I have been asked this before, and I am always careful with how I respond. I say careful cause while some people say they can handle anything, when you answer this question honestly it can drive some people away. People say that they don't expect to find perfection, and yet you name a flaw or talk about how you got hurt (in the past) and they wanna run from you like you have the plague. Heck, at this stage in my life, I know enough to know that we all have been hurt in a relationship. And just because you are single doesn't mean you have something wrong with you. I always get asked why I don't have kids. Some women even jump right to asking if I even like kids. Lol. It's like they assume I have this hatred for kids. People who are in the thirties and have yet to be married are asked why they haven't been married. It's like if you didn't take the plunge in your twenties then something must be wrong with you. Sigh.


I've been asked why I haven't been married and why I don't have children many times. Some have admitted they think something is wrong with those who are my age who haven't done so. Others say they are only looking for divorced people with kids, because they understand that way of life better. People use all kinds of excuses to drive people away from the beginning.

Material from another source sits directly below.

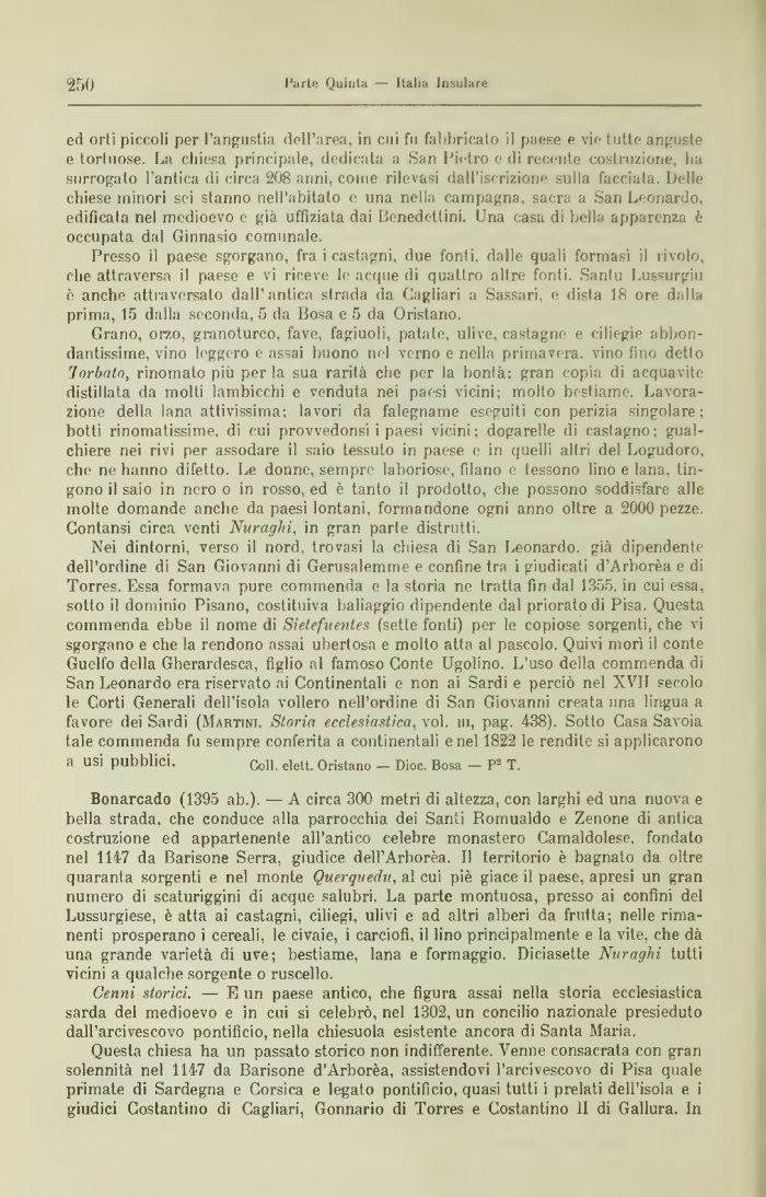 Bonarcado (1395 ab.). — A circa 300 metri di altezza, con larghi ed una nuova e bella strada, che conduce alla parrocchia dei Santi Romualdo e Zenone di antica costruzione ed appartenente all'antico celebre monastero Camaldolese, fondato nel 1147 da Barisone Serra, giudice dell'Arborea. Il territorio è bagnato da oltre quaranta sorgenti e nel monte Querquedu, al cui piè giace ii paese, apresi un gran numero di scaturiggini di acque salubri. La parte montuosa, presso ai confini del Lussurgiese, è atta ai castagni, ciliegi, ulivi e ad altri alberi da frutta; nelle rimanenti prosperano i cereali, le civaie, i carciofi, il lino principalmente e la vite, che dà una grande varietà di uve; bestiame, lana e formaggio. Diciasette Nuraghi tutti vicini a qualche sorgente o ruscello.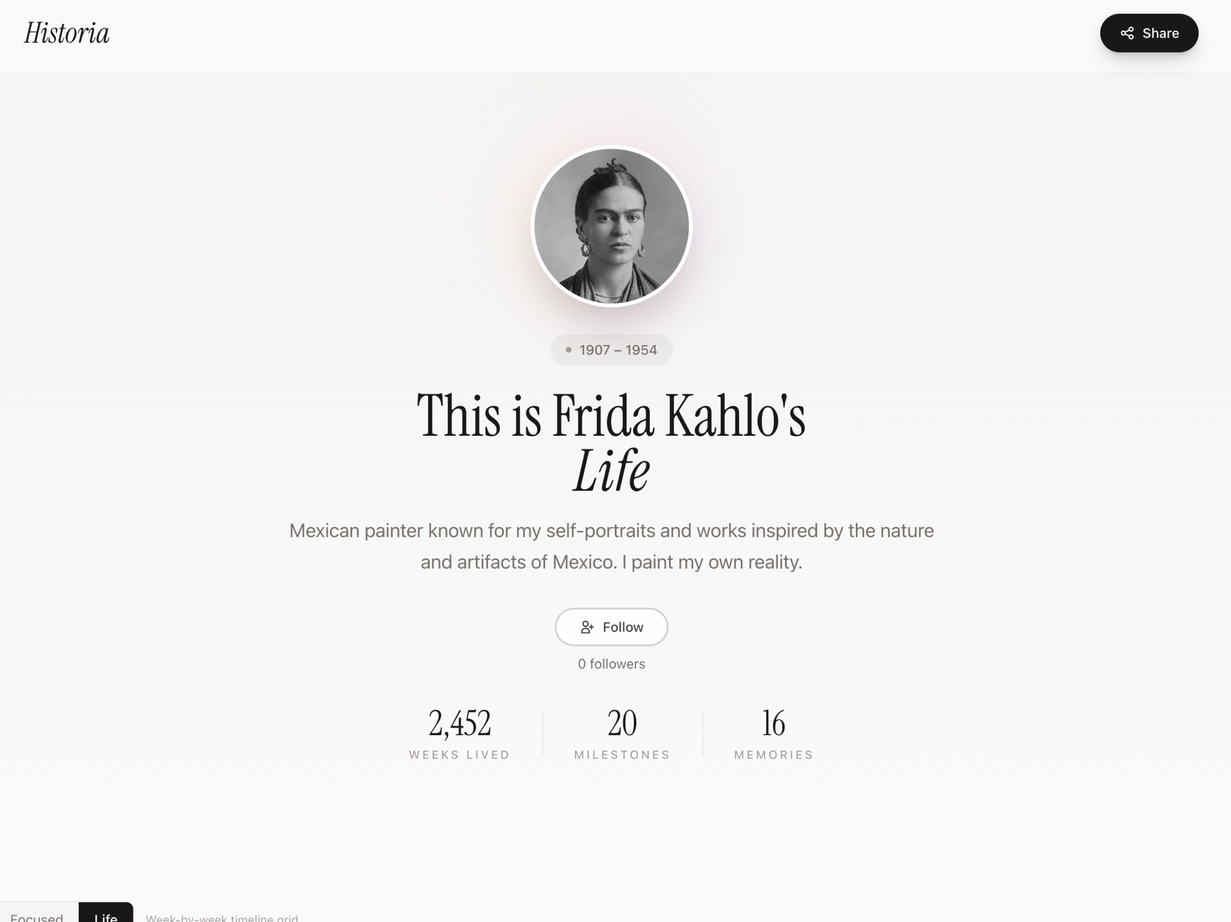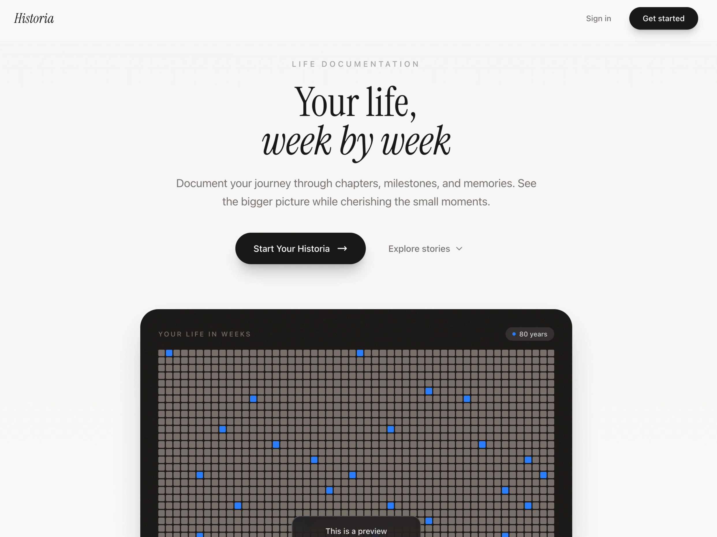 A life documentation app that visualizes your journey through chapters, milestones, and memories on a week-by-week grid. Features an AI Life Builder that creates your complete timeline from a simple conversation, and Tributes that allow you to create profiles for loved ones and collaborate on shared memories with others.

I agree with TxsGal, I never ask that question upfront, I figure if we hit it off and meet, after a few dates or so, then this question may come up, at least that's my experience. If asked about it, I have no problem answering with the truth.

Goofball73's photo
Mon 10/29/12 10:42 AM


I have been asked this before, and I am always careful with how I respond. I say careful cause while some people say they can handle anything, when you answer this question honestly it can drive some people away. People say that they don't expect to find perfection, and yet you name a flaw or talk about how you got hurt (in the past) and they wanna run from you like you have the plague. Heck, at this stage in my life, I know enough to know that we all have been hurt in a relationship. And just because you are single doesn't mean you have something wrong with you. I always get asked why I don't have kids. Some women even jump right to asking if I even like kids. Lol. It's like they assume I have this hatred for kids. People who are in the thirties and have yet to be married are asked why they haven't been married. It's like if you didn't take the plunge in your twenties then something must be wrong with you. Sigh.


I've been asked why I haven't been married and why I don't have children many times. Some have admitted they think something is wrong with those who are my age who haven't done so. Others say they are only looking for divorced people with kids, because they understand that way of life better. People use all kinds of excuses to drive people away from the beginning.


Very true. I understand that we all have things we look for in a person as we try to find that right "fit" for us. But at the same time, people always assume things way too easily and thus they decide to not pursue someone because of it.

prashant01's photo
Mon 10/29/12 10:58 AM

Many guys (and I'm sure women) start off by asking why we're single. Do you ask that question when talking to someone new? If so, what kind of response are you really looking for?


I always encounter the question...Why are you not single?